(Records contained in a dataset)
[Start of Attachment]
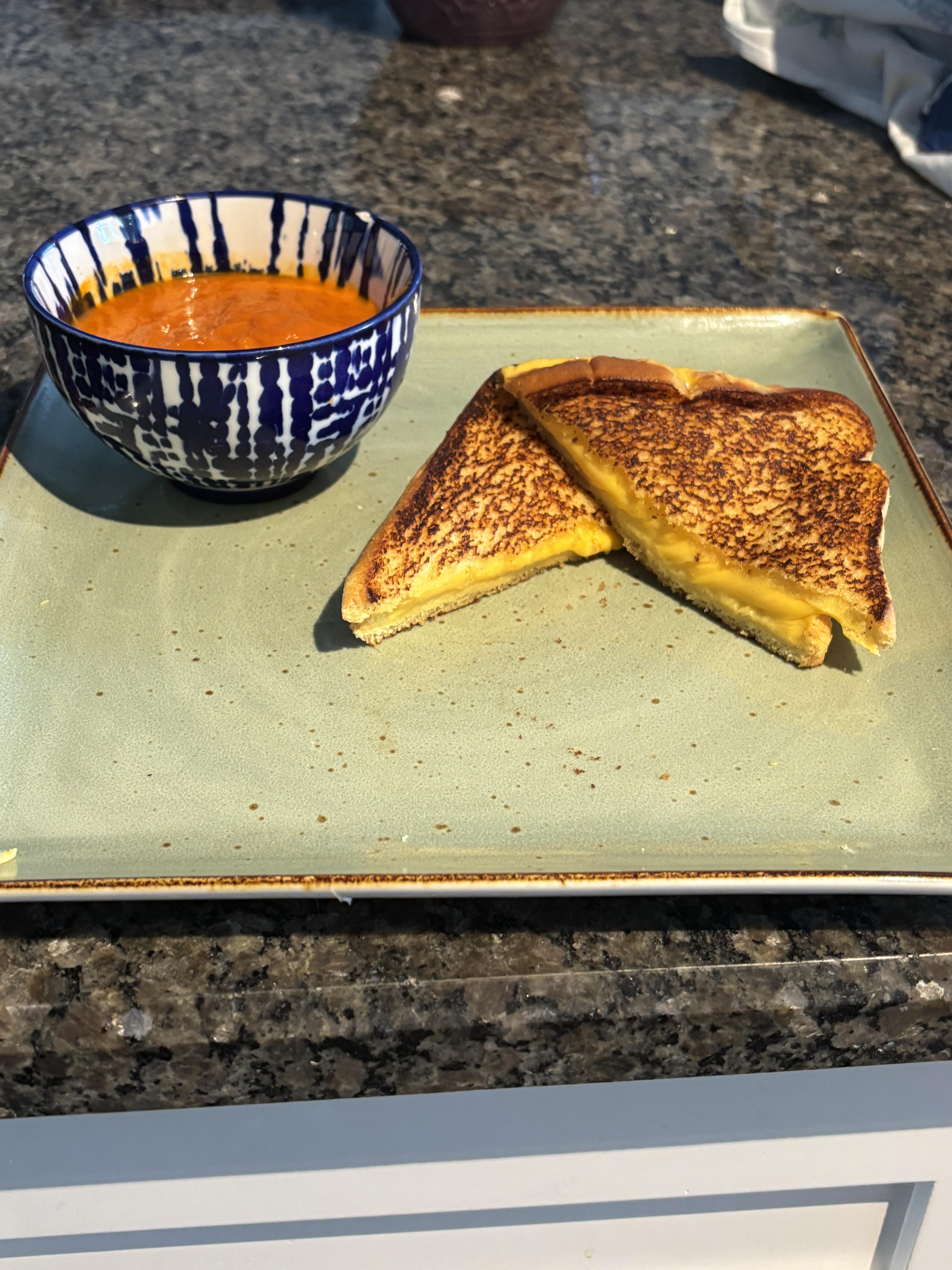 I’ve been perfecting GCs for a long time. This iteration is on Martin potato bread, Aldi brand American cheese, and I use Mayo as a catalyst for browning. Always start in a cold pan, 3:45 on the first side, about a minute on the other, with a lid on for perfect browning and full meltage 😁 served of course with a side of tomato bisque. I submit for your judgement!
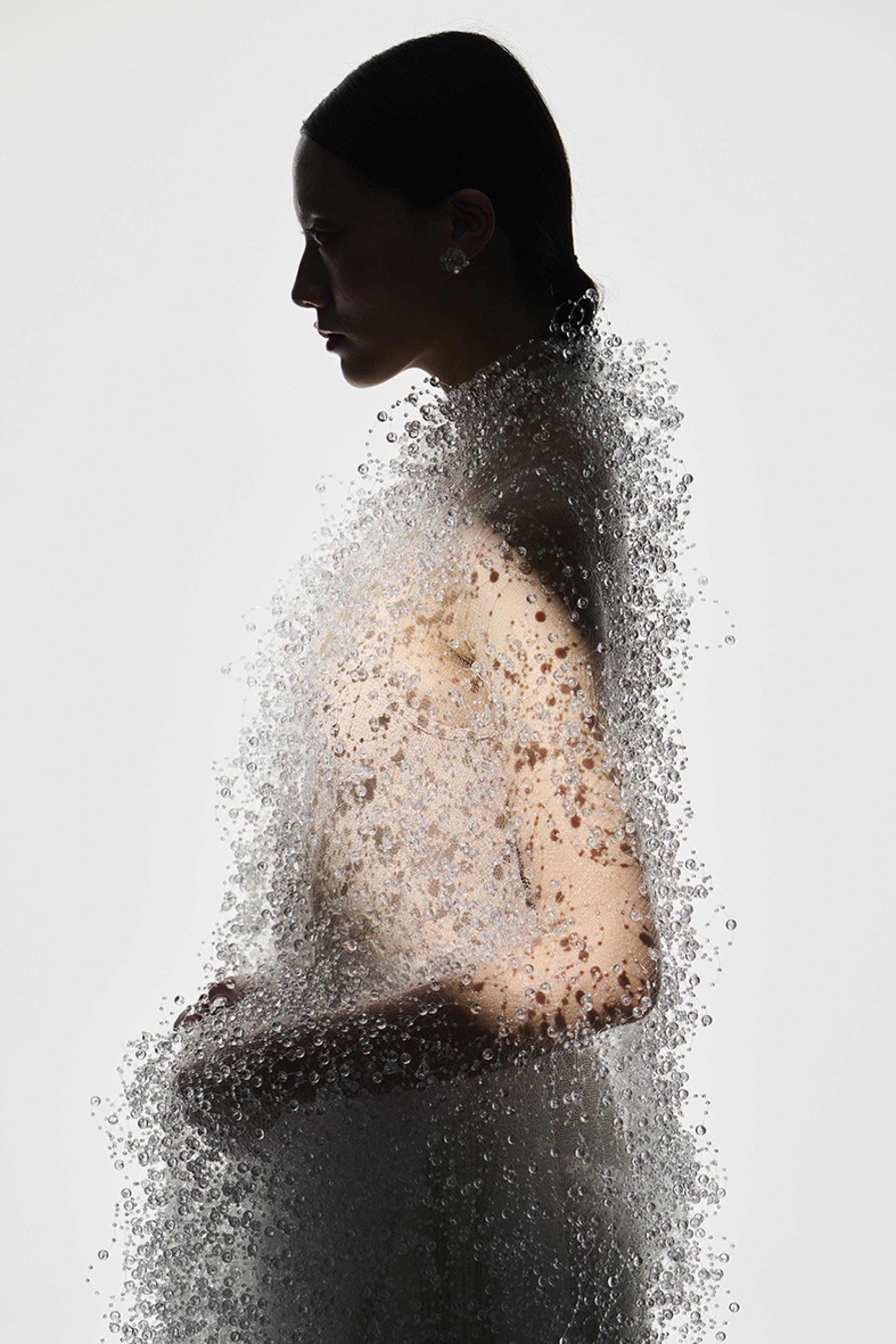 By transforming marine waste and recycled resources into wearable forms, the project highlights the environmental challenges faced by coastal communities. The layered transparency of the materials evokes rainfall and ocean currents, creating garments that visually express the relationship between water, city, and sustainability.
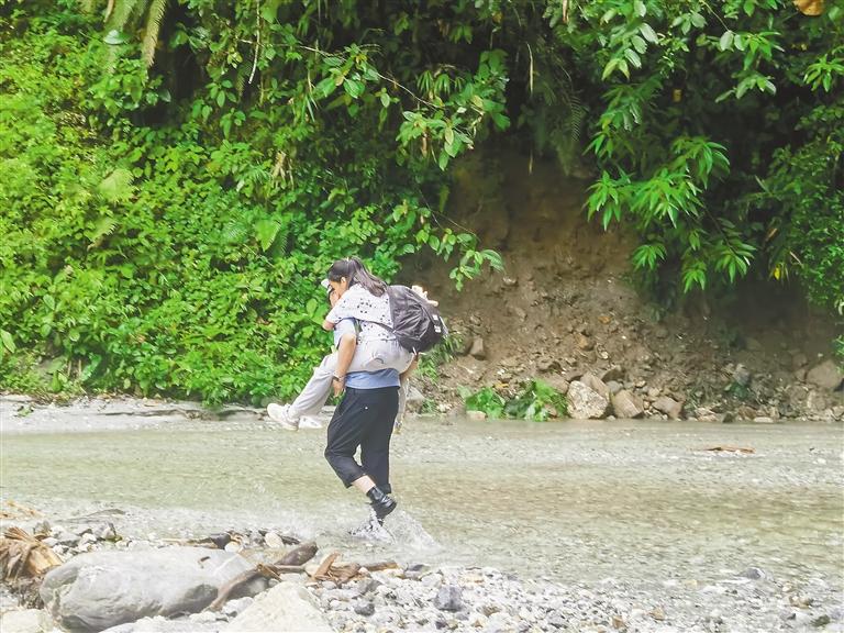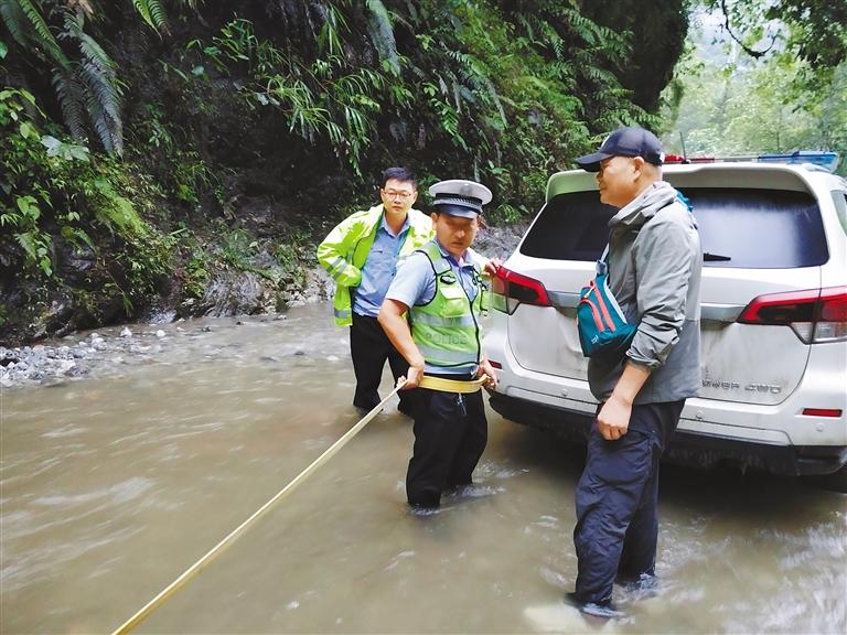 執勤交警全身被雨水浸透,卻仍堅守在現場,耐心疏導交通的同時還時刻關注著每一位需要幫助的路人,他們齊心協力逐車逐人幫助過往車輛脫困。“我背你過去吧,上來!”他們毫不猶豫地蹲下身子,趟水將行動不便的群眾背過積水路段……大風大雨中,墨脫公安交警秒變“推車俠”,化身風雨“守路人”,保障群眾安全通行。
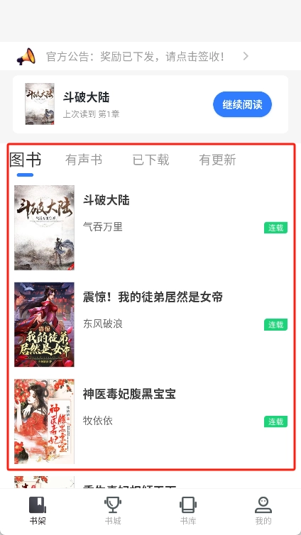 免费书城的所有书籍都能一键缓存,不用网络也能随时阅读!
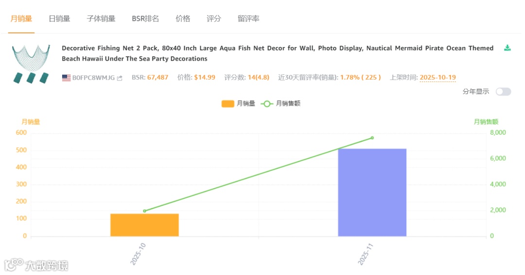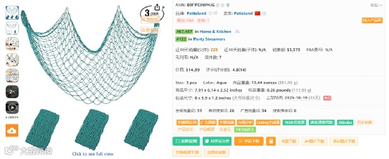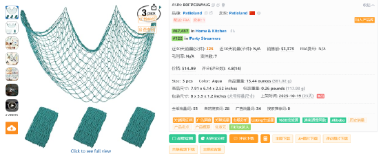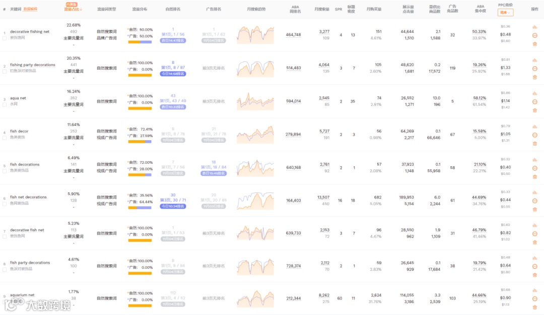 反查结果显示,所有流量词几乎都是广告流量。其中主要流量词decorative fishing net的ppc竞价0.48美金,主要流量词fishing party decorations的ppc竞价1.33美金,主要流量词aqua net的ppc竞价1.14美金,主要流量词fish decor的ppc竞价1.05美金,主要流量词fish decorations的ppc竞价0.4美金。
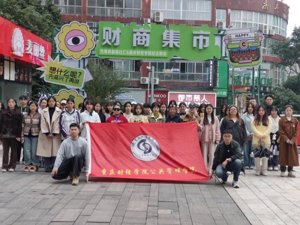 为进一步推动我校“党建引领·一院一镇街”校地合作项目建设,打造“财商集市”大学生实践活动品牌,助力青年成长发展,为我校学生提供更多直面生活、相互交流、锻炼能力的机会。11月9日-10日,公共管理学院与巴南商社汇在重庆市巴南区鱼洞街道商社汇外广场联合举办第四届“财商集市”创业实践活动。
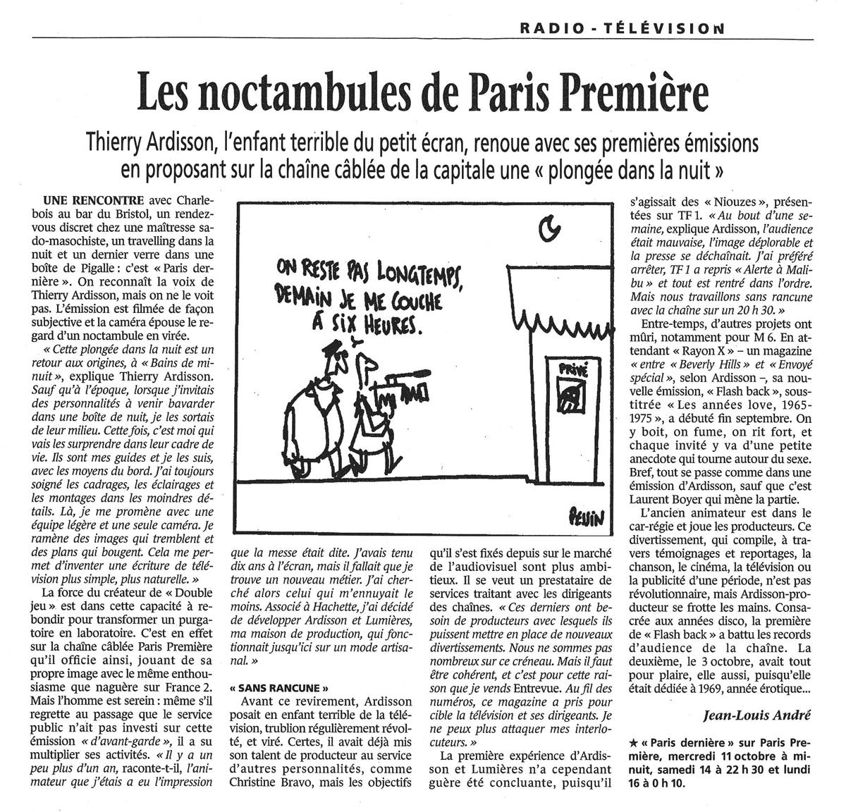 Les noctambules de Paris Première, Le Monde
[End of Attachment]
— Task to carry out —
Begin at the line with "By transforming marine" and end at the last line of the data above. Reproduce those lines exactly, but not the pictures.

— Completed exercise —
 By transforming marine waste and recycled resources into wearable forms, the project highlights the environmental challenges faced by coastal communities. The layered transparency of the materials evokes rainfall and ocean currents, creating garments that visually express the relationship between water, city, and sustainability.
 執勤交警全身被雨水浸透,卻仍堅守在現場,耐心疏導交通的同時還時刻關注著每一位需要幫助的路人,他們齊心協力逐車逐人幫助過往車輛脫困。“我背你過去吧,上來!”他們毫不猶豫地蹲下身子,趟水將行動不便的群眾背過積水路段……大風大雨中,墨脫公安交警秒變“推車俠”,化身風雨“守路人”,保障群眾安全通行。
 免费书城的所有书籍都能一键缓存,不用网络也能随时阅读!
 反查结果显示,所有流量词几乎都是广告流量。其中主要流量词decorative fishing net的ppc竞价0.48美金,主要流量词fishing party decorations的ppc竞价1.33美金,主要流量词aqua net的ppc竞价1.14美金,主要流量词fish decor的ppc竞价1.05美金,主要流量词fish decorations的ppc竞价0.4美金。
 为进一步推动我校“党建引领·一院一镇街”校地合作项目建设,打造“财商集市”大学生实践活动品牌,助力青年成长发展,为我校学生提供更多直面生活、相互交流、锻炼能力的机会。11月9日-10日,公共管理学院与巴南商社汇在重庆市巴南区鱼洞街道商社汇外广场联合举办第四届“财商集市”创业实践活动。
 Les noctambules de Paris Première, Le Monde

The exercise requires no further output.